Ask HN: Distributed Bug Tracking - Why? - damoncali

I keep coming across people who would like a bug tracker that works like git - distributed bug tracking. I'm having a tough time getting them to explain why that would be better than a standard web app. What is the use case?<p>Anyone have any thoughts?
======
madhouse
It would have the same advantage as distributed source control: it's
distributed.

It works offline, meaning I can add bug reports, comments, change them and so
on and so forth while being offline.
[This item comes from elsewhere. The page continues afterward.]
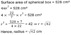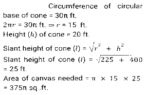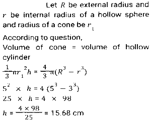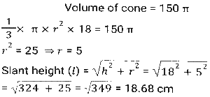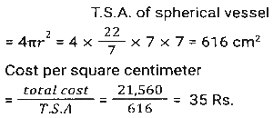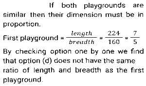 Mensuration (Part-6)Total Questions: 5041. The cost of painting a spherical vessel of diameter 14 cm is ₹21,560. What is the cost of painting (in) per 22 square centimetre ? (Use π = 22/7) [SSC CPO 28/06/2024 (1st Shift)](a) 30(b) 32(c) 28(d) 35Correct Answer: (d) 35Solution:42. The radius of the base and height of a cone are 5 cm and 6 cm, respectively, whereas the radius of the base and height of a cylinder are 2.5 cm and 3 cm, respectively. The ratio of the volume of the cone to that of the cylinder is: (Where π = 22/7) [SSC CPO 28/06/2024 (1st Shift)](a) 8 : 5(b) 9 : 4(c) 8 : 3(d) 3 : 5Correct Answer: (c) 8 : 3Solution:43. A cylinder of radius 7 cm has a curved surface area of 2200cm². Find its total surface area. (Use π = 22/7) [SSC CPO 28/06/2024 (2nd Shift)](a) 2508 cm²(b) 2260 cm²(c) 2550 cm²(d) 1580 cm²Correct Answer: (a) 2508 cm²Solution:44. A hollow sphere of external and internal diameters of 10 cm and 6 cm, respectively, is melted and made into another solid in the shape of a right circular cone of base diameter 10 cm. Find the height of the cone. [SSC CPO 28/06/2024 (2nd Shift)](a) 13.68 cm(b) 14.68 cm(c) 16.68 cm(d) 15.68 cmCorrect Answer: (d) 15.68 cmSolution:45. A spherical box has a surface area 528 cm². Find the radius of the spherical box. [SSC CPO 28/06/2024 (2nd Shift)](a) √37 cm(b) √42 cm(c) √29 cm(d) √35 cmCorrect Answer: (b) √42 cmSolution:46. The distance between the parallel sides of a trapezium is 18 cm. If the area of the trapezium is 1188 cm², then what is the sum of the lengths of the parallel sides? [SSC CPO 28/06/2024 (3rd Shift)](a) 150 cm(b) 115 cm(c) 126 cm(d) 132 cmCorrect Answer: (d) 132 cmSolution:47. The area of the canvas cloth needed to erect a right conical tent of height 20ft. and circular base of circumference 30π ft. is: [SSC CPO 28/06/2024 (3rd Shift)](a) 455π sq.ft.(b) 375π sq.ft.(c) 589π sq.ft.(d) 470π sq.ft.Correct Answer: (b) 375π sq.ft.Solution:48. The volume of a right circular cone is 150π cm³ and its height is 18 cm. Find its slant height (in cm) (correct to 2 decimal places). [SSC CPO 28/06/2024 (3rd Shift)](a) 18.68(b) 25.35(c) 28.68(d) 15.25Correct Answer: (a) 18.68Solution:49. A school has two rectangular playgrounds, which are similar in shape. If the length and the breadth of the first playground are given as 224 m and 160 m, respectively, then which of the following options CANNOT be the dimensions of the second playground? [SSC CPO 29/06/2024 (1st Shift)](a) Length = 273 m; Breadth = 195 m(b) Length = 168 m; Breadth = 120 m(c) Length = 210 m; Breadth = 150 m(d) Length = 343 m; Breadth = 255 mCorrect Answer: (d) Length = 343 m; Breadth = 255 mSolution:50. The height and radius of a cone-shaped storage tank are 9 ft. and 7 ft., respectively. Find the volume of water the tank can hold ? (Use π = 22/7) [SSC CPO 29/06/2024 (1st Shift)](a) 462 cubic ft.(b) 527 cubic ft.(c) 1386 cubic ft.(d) 1423 cubic ft.Correct Answer: (a) 462 cubic ft.Solution:Submit Quiz« Previous12345

Or one could work on the reports and
publish a cleaned up state, without all the noise he might have generated
during triage.

That's two cases where being distributed would help.
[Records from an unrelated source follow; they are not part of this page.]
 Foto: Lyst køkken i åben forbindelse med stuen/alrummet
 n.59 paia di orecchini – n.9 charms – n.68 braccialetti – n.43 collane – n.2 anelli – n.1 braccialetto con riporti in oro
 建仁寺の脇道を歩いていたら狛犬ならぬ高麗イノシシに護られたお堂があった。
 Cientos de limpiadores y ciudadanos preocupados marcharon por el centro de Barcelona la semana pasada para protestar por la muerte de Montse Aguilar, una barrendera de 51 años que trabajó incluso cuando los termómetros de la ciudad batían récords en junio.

Also, most of the current distributed bug tracker efforts tie into a
distributed VCS, which has the added advantage of the entire issue database
coming coupled with the code: one doesn't have to visit yet another web
application, doesn't have to figure out where the original bugtracker is, and
so on and so forth.

------
bobds
Having less things to manage and the advantages of distributed source control
also applied to the bug tracker.

Fossil is an interesting choice since it integrates everything in one nice
package, provides a web-based GUI and is only a single executable file that
can run on most platforms. <http://www.fossil-scm.org/>

Ikiwiki is something that you can use with SVN or Git, it basically lets a
wiki live along with your code in your repos. There's a lot of plugins for it,
so it can be more than a wiki. <http://ikiwiki.info/>

------
TimMontague
There's an article on LWN from 2008 about distributed bug tracking:
<http://lwn.net/Articles/281849/>

One advantage that it mentions is a more tight coupling with distributed
source code management systems.